In the records below, find the line with "Double-breasted, houndstooth wool" and the line with "10月14日,在阜南县蒙洼蓄洪区,大片水稻进入成熟期,田间地头一片金黄,与庄台道路构成美丽的丰收画卷。通讯员 庞诚 摄"; return exactly those lines and every line between them.

Materials provided:
——————————
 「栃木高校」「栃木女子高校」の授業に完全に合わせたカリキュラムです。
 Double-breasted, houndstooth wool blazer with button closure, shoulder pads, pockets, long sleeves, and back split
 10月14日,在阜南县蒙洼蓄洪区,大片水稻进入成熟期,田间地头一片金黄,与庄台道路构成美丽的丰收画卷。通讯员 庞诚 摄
——————————
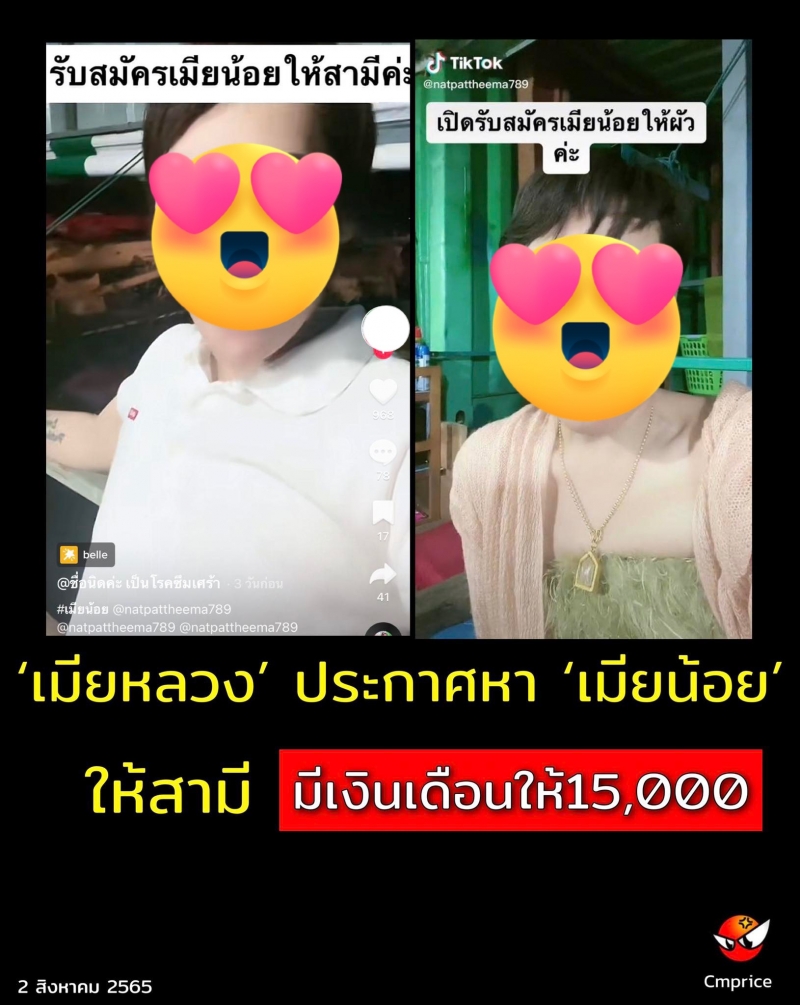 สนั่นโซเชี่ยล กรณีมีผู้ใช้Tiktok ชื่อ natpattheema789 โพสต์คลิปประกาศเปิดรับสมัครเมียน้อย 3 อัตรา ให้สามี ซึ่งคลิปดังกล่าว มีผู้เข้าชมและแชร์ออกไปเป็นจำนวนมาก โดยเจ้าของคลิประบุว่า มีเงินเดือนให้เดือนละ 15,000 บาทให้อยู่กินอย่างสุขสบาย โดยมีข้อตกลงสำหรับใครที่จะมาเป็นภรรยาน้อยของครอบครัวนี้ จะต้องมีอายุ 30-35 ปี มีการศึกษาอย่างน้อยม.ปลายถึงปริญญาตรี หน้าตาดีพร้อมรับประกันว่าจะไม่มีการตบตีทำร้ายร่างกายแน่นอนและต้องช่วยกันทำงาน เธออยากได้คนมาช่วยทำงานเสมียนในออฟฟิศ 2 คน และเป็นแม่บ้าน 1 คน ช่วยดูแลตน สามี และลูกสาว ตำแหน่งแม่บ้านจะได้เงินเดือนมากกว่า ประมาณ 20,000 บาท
——————————
Output of the exercise:
 Double-breasted, houndstooth wool blazer with button closure, shoulder pads, pockets, long sleeves, and back split
 10月14日,在阜南县蒙洼蓄洪区,大片水稻进入成熟期,田间地头一片金黄,与庄台道路构成美丽的丰收画卷。通讯员 庞诚 摄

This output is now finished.